Auto Loader: use cloudFiles.maxFilesPerTrigger (note the prefix)

Auto Loader: use cloudFiles.maxFilesPerTrigger (note the prefix)

query = (spark.readStream.format("cloudFiles") .option("cloudFiles.format", "json") .option("cloudFiles.maxFilesPerTrigger", 1000) # cloudFiles. prefix .load(landing_path) .writeStream.trigger(availableNow=True).start(output_path))
undefined
query = (spark.readStream.format("cloudFiles") .option("cloudFiles.format", "json") .option("cloudFiles.maxFilesPerTrigger", 1000) # cloudFiles. prefix .load(landing_path) .writeStream.trigger(availableNow=True).start(output_path))
undefined

Remove caching

移除缓存

python
undefined
python
undefined

BEFORE (classic):

BEFORE (classic):

df = spark.read.parquet(path) df.cache() df.count() # materialize cache result1 = df.filter("status = 'active'") result2 = df.groupBy("region").agg(F.sum("revenue"))
df = spark.read.parquet(path) df.cache() df.count() # materialize cache result1 = df.filter("status = 'active'") result2 = df.groupBy("region").agg(F.sum("revenue"))

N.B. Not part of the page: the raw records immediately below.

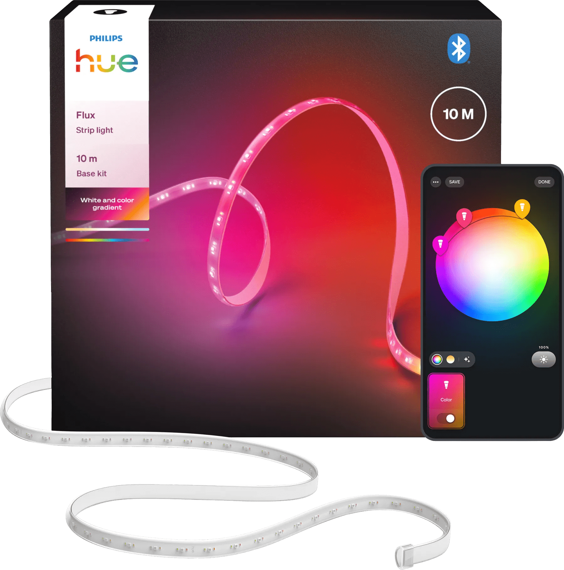 De Philips Hue Flux LED Strip van 10 meter en 2000lm is ideaal voor grote ruimtes of lange lichteffecten langs muren en plafonds. De strip geeft 16 miljoen kleuren licht en is dimbaar. Pas de LED strip aan voor elke passende gelegenheid, van een feestje tot een rustige avond. Je sluit de strip aan via bluetooth aan op stroom en koppelt de LED strip in de Philips Hue app, waardoor hij ook zonder Bridge werkt. De strip is al 10 meter lang en kan niet verder verlengd worden, maar je knipt hem wel makkelijk op maat zodat hij altijd past. Zonder Bridge bedien je maximaal 10 lampen en blijf je binnen 10 meter van de strip.
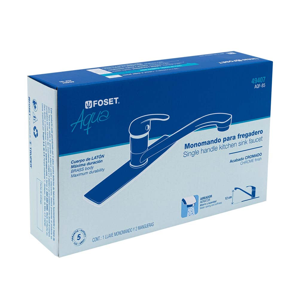Monomando para fregadero color cromo con cuello recto AQF-85 49407 Foset
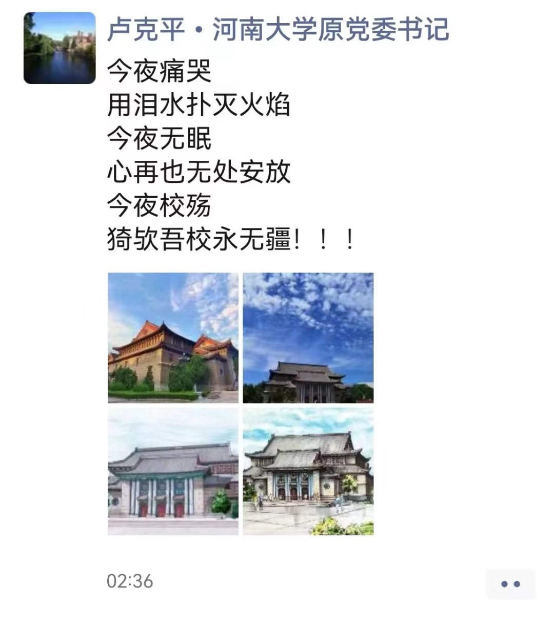 河南大学原党委书记卢克平凌晨2时36分在微信朋友圈发帖称:今夜痛哭,用泪水扑灭火焰。今夜无眠,心再也无处安放。今夜校殇,猗欤吾校永无疆!!!
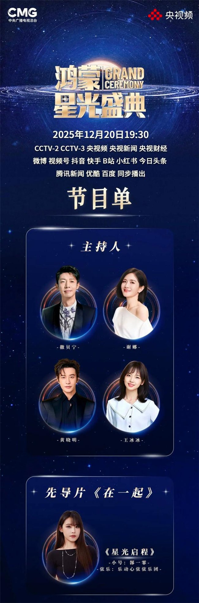 心在一起,我们就在一起!《鸿蒙星光盛典》用特别的方式与您温暖相约,于12月20日19:30在CCTV-2、CCTV-3、央视频、央视新闻、央视财经、微博、视频号、抖音、快手、B站、小红书、腾讯新闻、优酷、百度等200余家平台和账号同步播出。
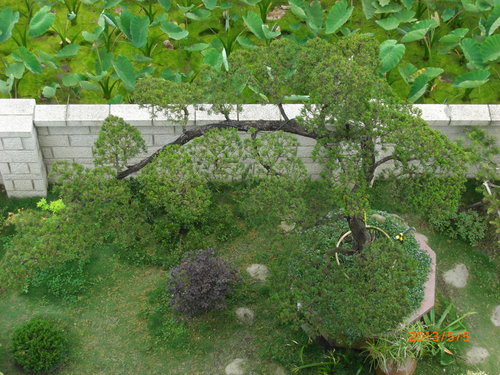 上週疏完葉整個樹身乾淨了起來,真柏只要光線無法照射之處就容易有白粉病的情況若能加以整理就可以預防,且根本不必噴藥...疏葉後從上面照下來整棵有點偽裝的感覺.
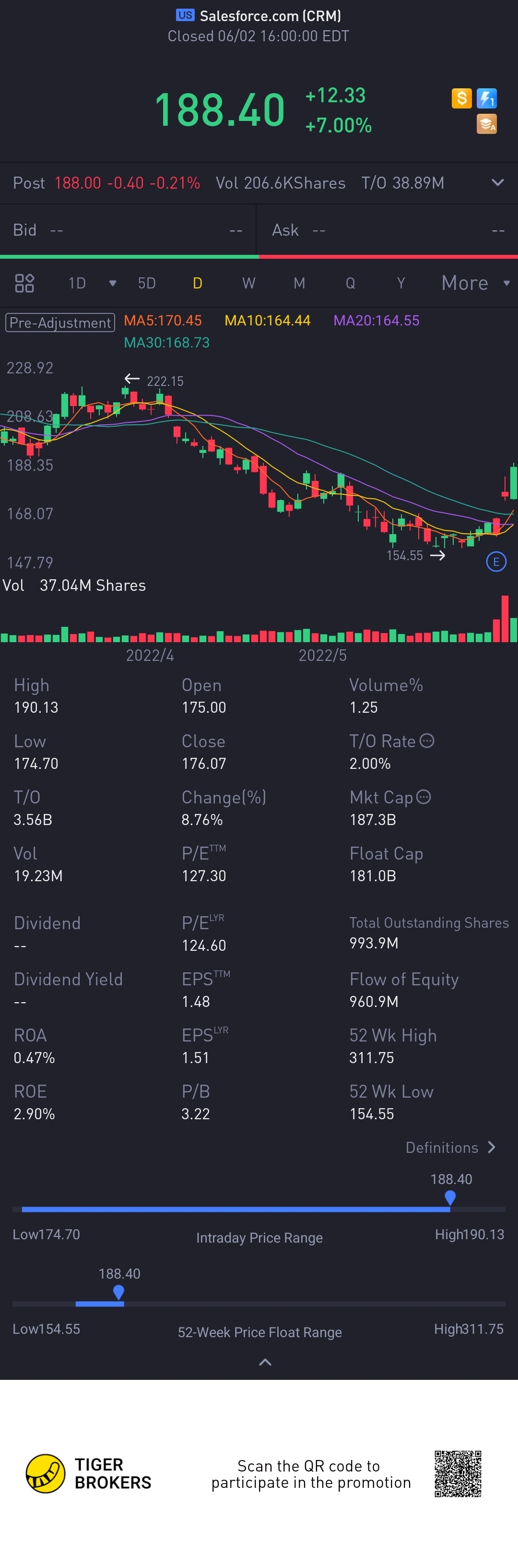 $Salesforce.com(CRM)$Good stock to watch but don't buy at high price now. But when it dips while market is still up.
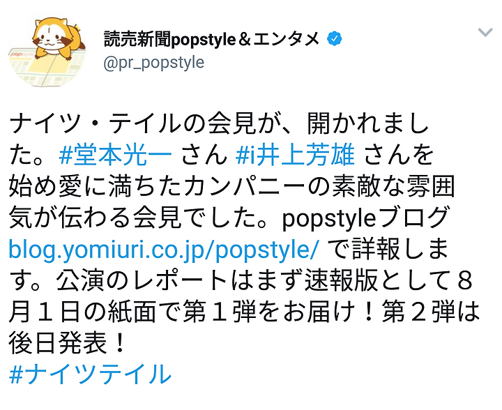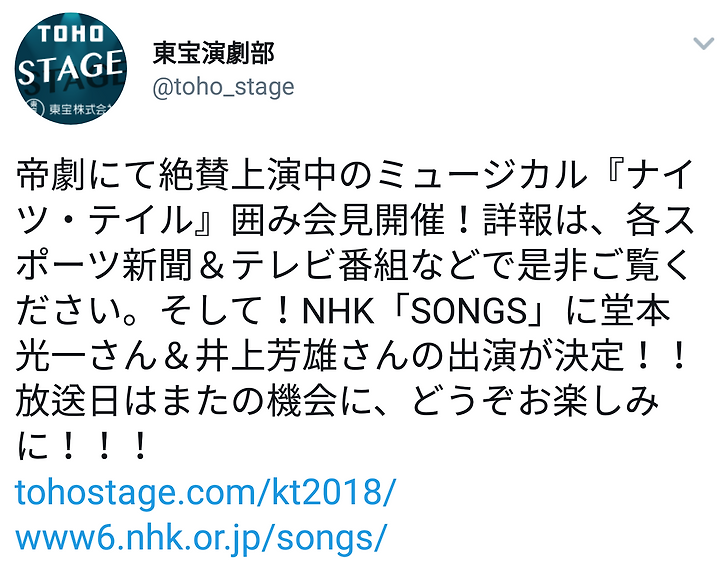또한 이번 가을 NHK에서 방송되는 "SONGS"에 도모토와 이노우에가 출연하기로 결정. 방송에서는 "나이츠 테일" 넘버가 스페셜 버전으로 공개되고 리허설 모습이나 첫날 무대 영상, 두 사람의 대담이 방송된다. 자세한 것은 속보를 기다리다.

AFTER (serverless — remove .cache(); native support coming soon):

AFTER (serverless — remove .cache(); native support coming soon):

df = spark.read.parquet(path) result1 = df.filter("status = 'active'") result2 = df.groupBy("region").agg(F.sum("revenue"))
df = spark.read.parquet(path) result1 = df.filter("status = 'active'") result2 = df.groupBy("region").agg(F.sum("revenue"))

For truly expensive intermediate results, materialize to Delta:

For truly expensive intermediate results, materialize to Delta:

expensive_df.write.format("delta").mode("overwrite").saveAsTable("main.scratch.intermediate") result = spark.table("main.scratch.intermediate")
expensive_df.write.format("delta").mode("overwrite").saveAsTable("main.scratch.intermediate") result = spark.table("main.scratch.intermediate")

SQL equivalent:

SQL equivalent:

BEFORE: CACHE TABLE my_table

BEFORE: CACHE TABLE my_table

AFTER: (just remove the CACHE TABLE statement)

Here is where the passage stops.